It took place during the Warring States (Chun-Qiu) Period in ancient China, ca 722-481 BC. "The Orphan of Zhao" (also entitled "The Supreme Sacrifices of Eight for One") is based on the historical episode involving the massacre of the Zhao family. The story depicts the spirit of patriotism, self-sacrifice and loyalty of a court doctor, Chen Yin, along with seven others to save the surviving grandson of priminister Zhao Dun under the tyranny rule of Jin Ling Gong in the Jin Kingdom. King Jin immersed himself in earthly pleasures of beautiful women, wine and music. He neglected his governing duties, and allowed his ministers to vie and usurp power. A power-thirsty general Tu An Gu was diabolically opposed by the righteous and loyal minister Zhao Dun and his compatriot, General Wei Jian. Cunning Tu managed to convince King Jin to have general Wei dispatched to guard the Northern frontier. He then tried to have minister Zhao killed first by wild dogs then by an assassin. Both attemptes falled because the assassin learning that minister Zhao was an honorable and loyal official, rather sacrificed himself than to harm Zhao. In a rage Tu then framed Zhao for revolting against King Jin and killed Zhao in the pretext of defending the King. He issued Tu decree of the massacre of all Zhao family members, 300 of them in all ages so as to terminate the Zhao lineage. As a consequence, Zhao, a faithful minister, and his whole family, inclusive of four generations, were all executed. Princess Zhung Ji, who was married into the Zhao family, was spared and became house-arrested in the royal palace.
Chen Yin, a loyal and righteous court doctor, noticed that Princess Zhung Ji was preganant before the tragedy was occured. He bravely promised Princess Zhung and her husband, Zhao Shou, in the palace to save the orphan after the baby is born. Chen Yin bravely sneaked out the infant orphan of Zhao of well-guarded palace. Tu, failing to find the Princess'infant and driven by the desire to eliminate all Zhao's ordered all infants under three months of age killed. Chen Yin, realizing that Tu would never give up searching for the infant Zhao, decided to sacrifice his own infant son Jin Ge as the Princess' infant. He solicited the help of an aging loyal minister Gong Sun Tsu Jiou. Gong Sun, knowing that this would cost his life, offered to pretend that he was the one that sneaked the infant Zhao out of the palace to his own house. Chen Yin then reported the incidence to Tu, who retrieved the wrong infant from Gong Sun's house. Chen Yin helplessly watched his own infant son being killed by Tu. To ensure the infant Zhao's safety, Chen Yin further offered infant Zhao as his own son to Tu as Tu's godson. Young Zhao thus survived the cruel prosecution of Tu and grew into adulthood. Young Zhao eventually was told the truth, reunited with his Princess mother, and revenged for his family by killing Tu.

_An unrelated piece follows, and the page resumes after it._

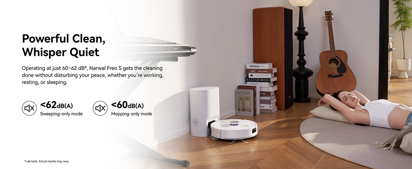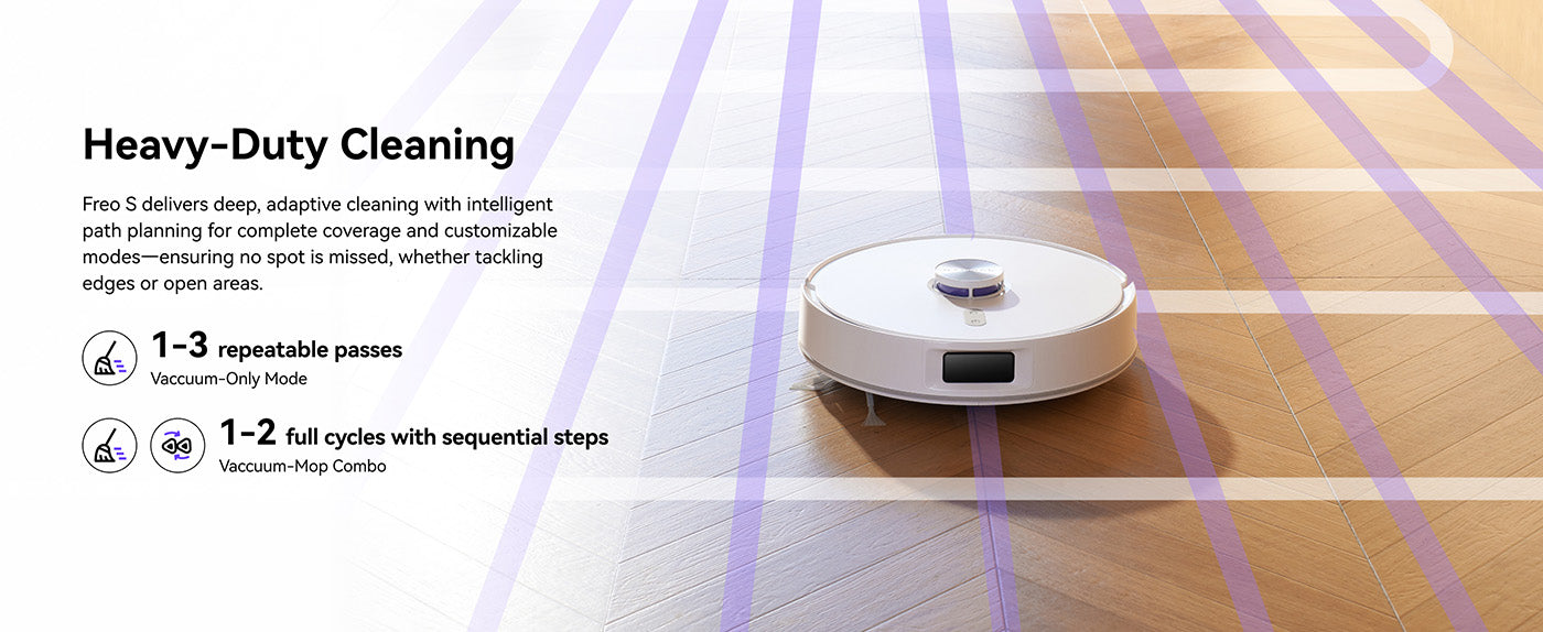8,000Pa Powerful Suction: Freo S is a high-performance robot vacuum cleaner built to remove everyday messes. With 8,000 Pa suction, it lifts dust, pet hair, and debris from carpets and hard floors with ease. *Actual performance may vary based on the floor type and dust level.

This opera depicts the rivalry between the good and the evil, the intrigue of cunnings, contrasted by the heroism of honest spirits, in no less magnitude than that of "Macbeth" or "Hamlet" in the Shakespearean theater, or "Faust" of the Wagnerian operas. As the story unfolds, the audience will be led through episodes vividly depicted by beautiful arias, filled with emotions of hidden internal sufferings and operatic dramas, as the plot within plot develops, which make this opera ever so memorable and everlasting!
This opera, consisted of eleven scenes, has been sung by Penny Cheng-Hua Wang performed as Chen Yin in collaboration with a top ranking world rennouced cast from The Beijing Opera Troupe, by special invitation from Beijing, as well as the top ranking orchestral artists from China.
This opera has presented in the evening of September 19th, 2003, at 8:00 PM at the Alice Tully Hall, Lincoln Center, New York City, New York.
Cheng-Hua Wang for her dedicated support and devotion of Social Arts Service, has awarded by Chinese American Arts Coucil and Department of Cultural Affairs of New York City. NYJPW entire team members have produced as they had promised a wonderful, lifetime memorable historical evening of Peking opera.